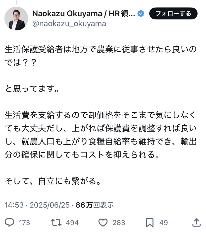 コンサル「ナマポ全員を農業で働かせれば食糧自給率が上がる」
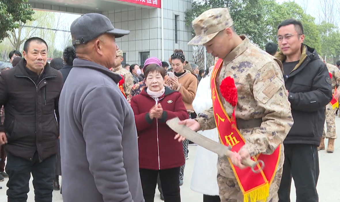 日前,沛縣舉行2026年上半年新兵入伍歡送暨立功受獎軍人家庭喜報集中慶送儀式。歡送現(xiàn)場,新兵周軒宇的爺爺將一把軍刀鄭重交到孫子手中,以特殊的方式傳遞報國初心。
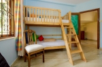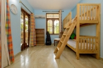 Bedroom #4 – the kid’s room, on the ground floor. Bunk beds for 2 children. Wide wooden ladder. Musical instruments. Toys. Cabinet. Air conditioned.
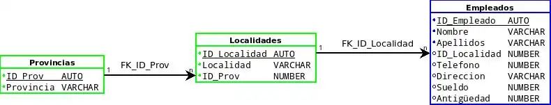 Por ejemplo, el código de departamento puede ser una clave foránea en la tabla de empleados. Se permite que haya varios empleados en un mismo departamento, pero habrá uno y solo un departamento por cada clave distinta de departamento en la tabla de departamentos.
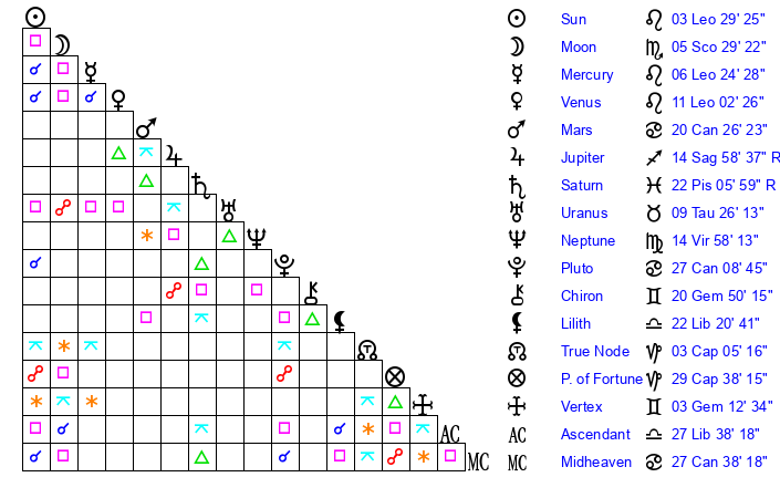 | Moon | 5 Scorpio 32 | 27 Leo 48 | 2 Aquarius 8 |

==

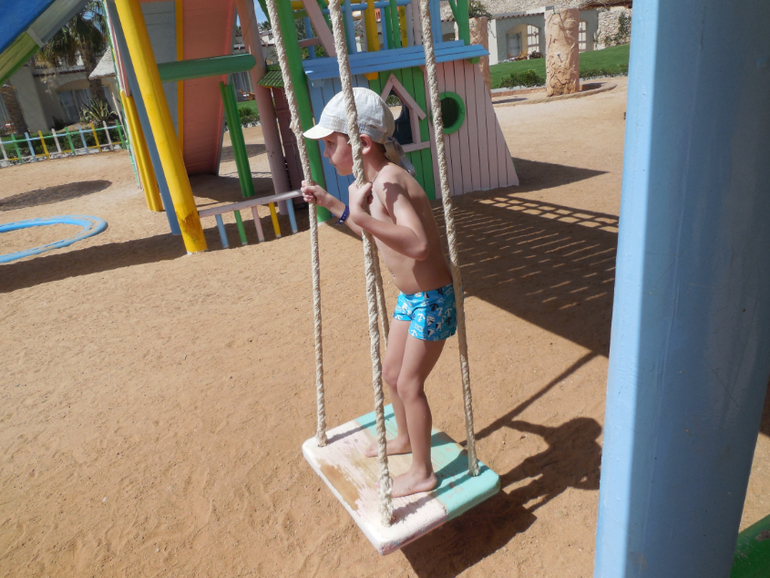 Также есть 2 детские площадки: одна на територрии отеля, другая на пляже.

# [Work order]
Within the material above, find the part that opens with the line containing "コンサル「ナマポ全員を農業で働かせれば食糧自給率が上がる」" and closes with the line containing "Bedroom #4 –", and reproduce it exactly without the pictures.

# [Exercise solution]
 コンサル「ナマポ全員を農業で働かせれば食糧自給率が上がる」
 日前,沛縣舉行2026年上半年新兵入伍歡送暨立功受獎軍人家庭喜報集中慶送儀式。歡送現(xiàn)場,新兵周軒宇的爺爺將一把軍刀鄭重交到孫子手中,以特殊的方式傳遞報國初心。
 Bedroom #4 – the kid’s room, on the ground floor. Bunk beds for 2 children. Wide wooden ladder. Musical instruments. Toys. Cabinet. Air conditioned.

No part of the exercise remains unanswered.